Groups sue to restrict salmon fishing, help Northwest orcas

Skagit River Chum Numbers Continue to Decline – Skagit Valley Herald

Reports from the Department of Fish and Wildlife show a continued dramatic drop in Skagit River chum. As stated in the article, these are new lows since monitoring began on the river in the 1960s.

The debate has been raised for the last number of years as to whether the hatchery runs are worth doing.
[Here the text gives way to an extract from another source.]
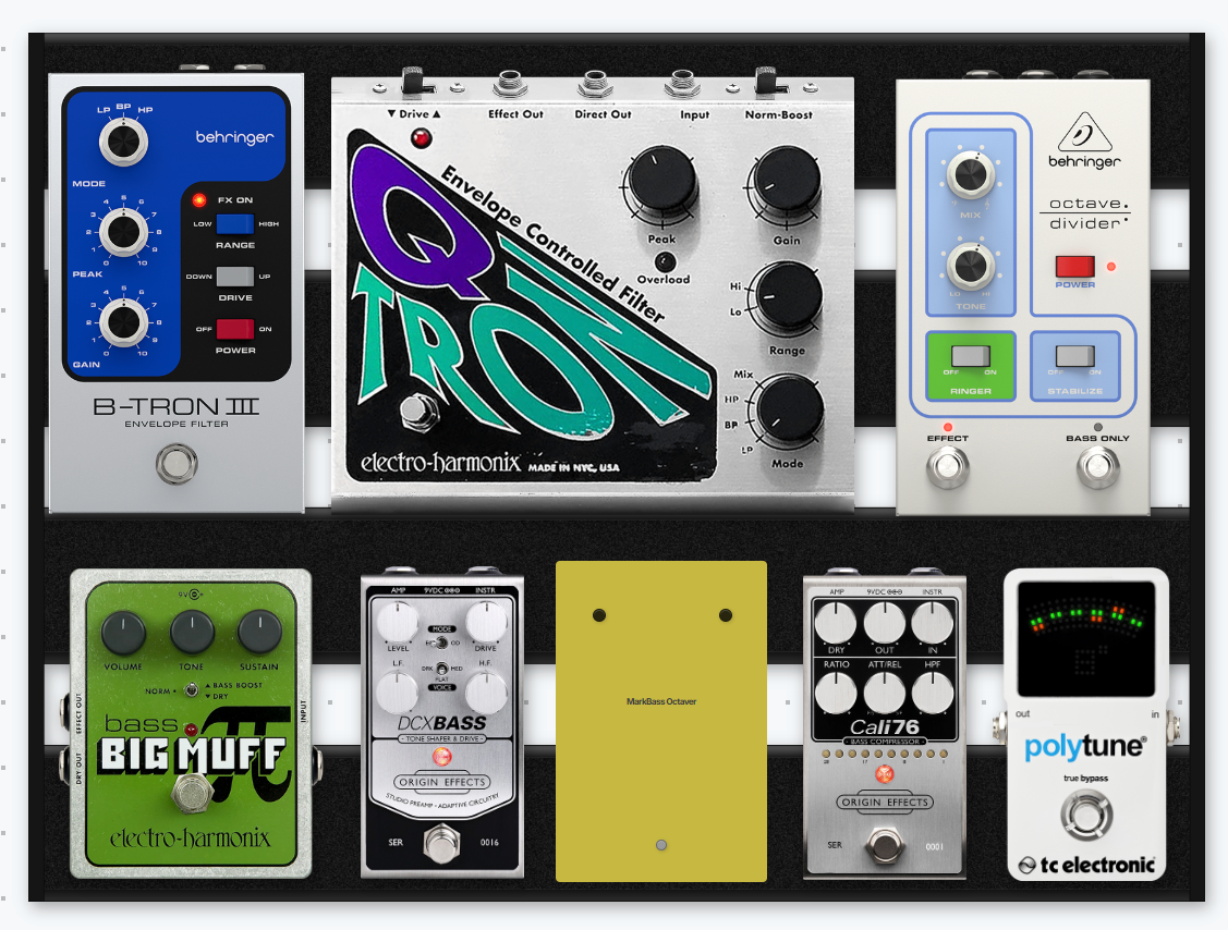 Polytune 2 --> Cali 76 Comp --> MB Octaver --> Octave Divider --> DCX Bass --> Bass Big Muff --> QTron --> B-Tron

Research comparing the Skagit with Oregon’s similar river, the Rogue, which runs about the same amount of distance and has a similar ecosystem shows that the major difference in why the Rogue runs are so much higher than the Skagit’s are the implantation of hatchery fish. The Rogue has not had hatchery fish implanted in it, and the argument goes, that the fish are better adapted to changing conditions. Needless to say, that has not gone over well with hatchery supporters, including Tribes and sports fishermen. Whether the hatchery program is the problem or the solution will never be tried here because at hearings the Tribes and sports fishermen went to great lengths to denounce the idea without offering any scientific support for their position. And now, the Governor is going to go full speed ahead on funding hatcheries. Meanwhile, the fish keep vanishing. The numbers in the article show the fishery is in complete collapse. And no recreational fishing has been allowed since 2008. I guess we are going to keep doing what doesn’t work until the fish are gone. Isn’t that the definition of madness?